On the contrary, he showed that people tend to have significant short term and optimistic biases when making financial and non-financial decisions. Thus they take on risky projects instead of counting the potential costs – in stark contrast to the behaviour that mainstream economics predicts. This should not be entirely surprising, considering that we humans are an emotional and an imaginative species that are influenced by our culture and society – just as we influence it. We’re constantly subjected to advertising and marketing that incessantly implores us to buy goods/services that we probably don’t want and most likely don’t need.
It’s not hard to see, that far from economics’ line about rational individuals making rational decisions in efficient markets, the truth is more often one of non-rational individuals, being implored to make irrational decisions in markets that are usually inefficient. Because when the supposed ‘Invisible Hand’ of the market is left to do the heavy lifting, invariably it’s the government who’s left to pick up the slack.
Cloning the Selfish Gene, know what I mean?
There is very little evidence that ordinary people act according to economics’ model of human behaviour, however there is significant amount of evidence that those who study economics, and practice it, do. A number of studies have shown, that economics teaches both students and professors to be more selfish. And this shouldn’t be all that surprising, because the idea of rational self-interest found in most textbooks becomes a self-fulfilling prophecy, as students begin to exhibit the very behaviour described therein.
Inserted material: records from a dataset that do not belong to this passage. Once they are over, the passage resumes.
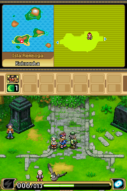 Jetzt, wo du die erste Mission erledigt hast, musst du die Feilblatthöhle wieder verlassen. An der ersten Kreuzung solltest du nach links und ein Koknodon fangen, welches du später brauchst, um einen Felsen aus dem Weg zu räumen. Weiter nach unten führt dein Weg, sobald Koknodon gewillt ist, dir zu helfen. Du wirst von einem Felsen aufgehalten, aber dank Koknodons Hilfe, kannst du ihn aus dem Weg räumen und die Feilblatthöhle wieder verlassen. Den Teakholzbusch kannst du auch getrost hinter dir lassen und dich wieder nach Kokonuba begeben.Falls du noch nicht gespeichert haben solltest, wirst du noch einmal daran erinnert, kurz nachdem du die beiden Steinmonumente auf der Rpute zwischen Kokonuba und dem Teakholzbusch hinter dir gelassen hast und drauf und dran bist Kokonuba zu betreten.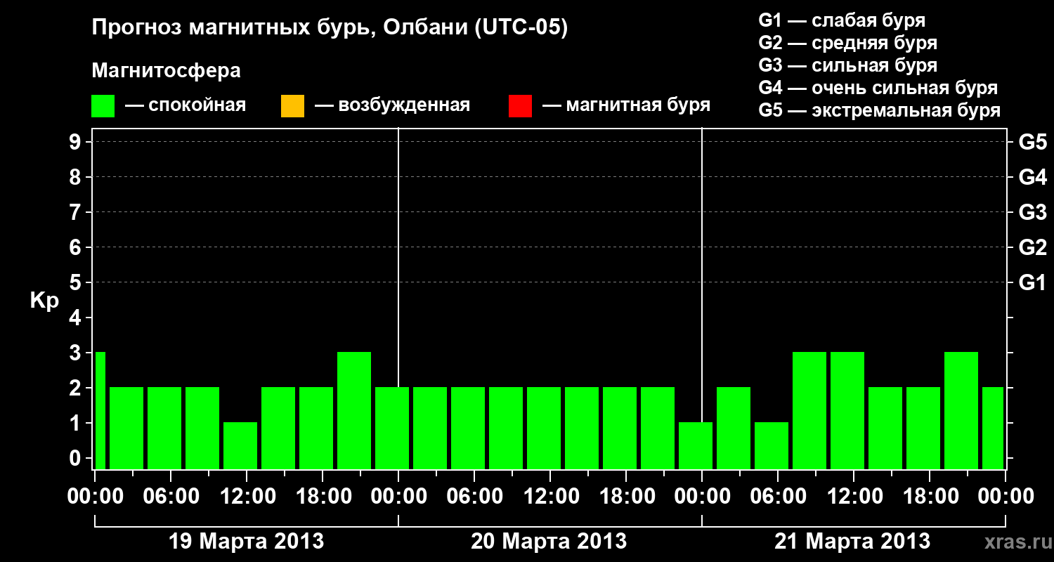 Прогноз магнитных бурь Олбани на 19 марта 2013 года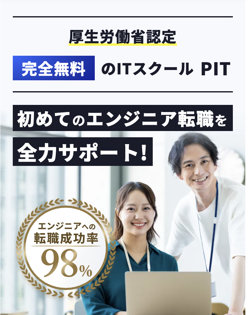 本記事では、未経験からエンジニアを目指す方が、資金的なリスクや精神的なプレッシャーを極限までゼロにし、純粋に「スキル習得」と「自分に合った企業への転職活動」に集中できる環境を探すための目的別比較情報をまとめました。その主軸となるのが、初期費用、授業料、そして違約金が一切かからない完全無料のITスクール「PIT(ピット)」です。PITは、ただ無料であるだけでなく、厚生労働省の認定を受け、世界基準のIT資格取得を徹底サポートする手厚い体制が整っています。

Unfortunately mainstream economics has shown itself to be remarkably resistant to any kind of self-reflection and reassessment; whether arising from its relative failure to foresee the financial crisis, the failure of its policy of austerity as a path to growth, or the growing empirical evidence which explodes the theory of homo economicus.
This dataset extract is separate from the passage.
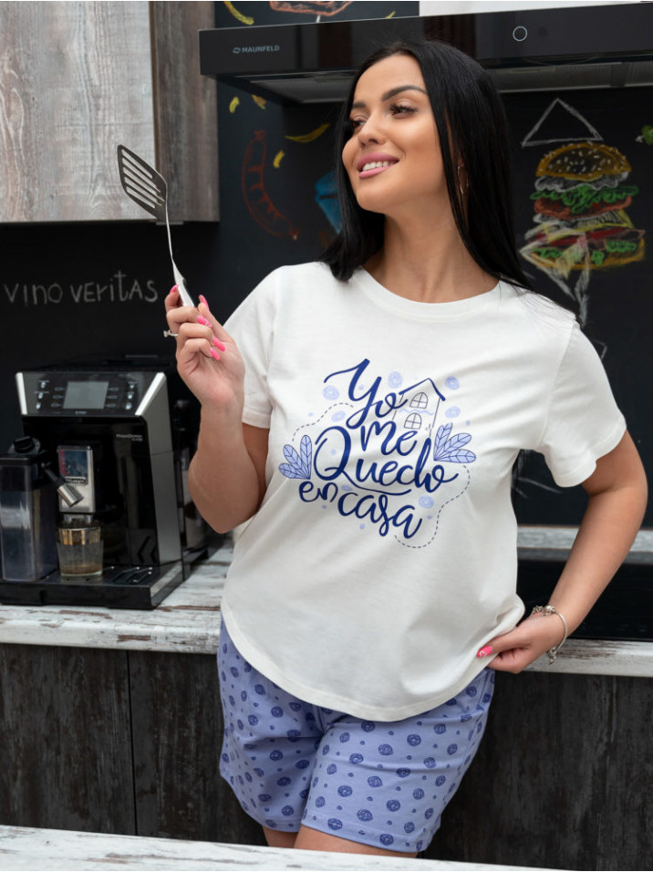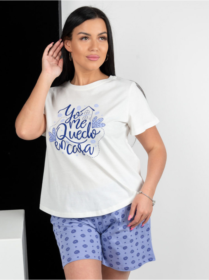 Пижама женская с шортами хлопок – практичный подарок на  день матери, день рождения, любой праздник и без повода маме, сестре, подруге, любимой, девушке, коллеге, который будет радовать каждый день. Наша домашняя пижама женская с шортами 100% хлопок, она так же красива как шелковая пижама или атласная пижама, но при этом в ней приятно спать и удобно носить каждый день как костюм домашний. Пижама футболка и шорты гораздо удобнее, чем пижама с рубашкой. Пижамные шорты  и футболка с принтом подойдут для пижамной вечеринки.

The insularity of the discipline is a big problem, because it further entrenches its bunker mentality. With 81% of all citations coming from within its own field, as opposed to 52% sociology, 53% anthropology and 59% political science, what we find is contemporary economists are mostly talking to and amongst themselves, to the exclusion of most other fields of study.
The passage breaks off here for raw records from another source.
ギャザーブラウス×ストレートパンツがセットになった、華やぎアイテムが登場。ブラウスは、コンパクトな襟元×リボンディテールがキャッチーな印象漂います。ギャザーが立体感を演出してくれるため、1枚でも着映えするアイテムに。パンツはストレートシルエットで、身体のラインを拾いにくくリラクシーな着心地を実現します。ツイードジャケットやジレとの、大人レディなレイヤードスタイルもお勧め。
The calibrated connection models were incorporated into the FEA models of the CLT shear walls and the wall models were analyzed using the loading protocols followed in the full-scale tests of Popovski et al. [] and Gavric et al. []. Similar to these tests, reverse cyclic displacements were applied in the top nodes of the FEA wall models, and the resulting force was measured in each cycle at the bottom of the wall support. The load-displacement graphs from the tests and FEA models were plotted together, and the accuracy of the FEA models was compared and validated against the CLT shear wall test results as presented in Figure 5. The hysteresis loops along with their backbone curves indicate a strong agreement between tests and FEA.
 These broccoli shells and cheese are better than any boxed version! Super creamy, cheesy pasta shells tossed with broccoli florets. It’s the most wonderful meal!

This is a serious problem, because a discipline which cannot engage with the ideas of other fields, nor in a critical re-examination of its own core tenets, especially when reality and the weight of evidence seems to invalidate them, can in no way claim to be following the scientific method.
Thankfully students of economics have shown themselves to be much more concerned with its obvious failings and shortcomings. From New York and London to Rome and Tel Aviv, a movement has taken hold that’s determined to change the way economics is taught in Universities. The International Student Initiative for Pluralism in Economics has called for a ‘pluralism of theories and methods’ to be taught. They also want greater engagement with the other disciplines such as history, sociology and philosophy. And they’re absolutely right.
We need to be teaching our students how to think, not what to think. The only answer is to present our students with a range of competing economic frameworks; Marxian economics, Keynesian economics, Behavioural economics, Economic History, etc., and then allow them to come to their own conclusions based on the weight of evidence and their explanatory power. For as the saying goes, ‘let a hundred flowers bloom, let a hundred schools of thought contend’.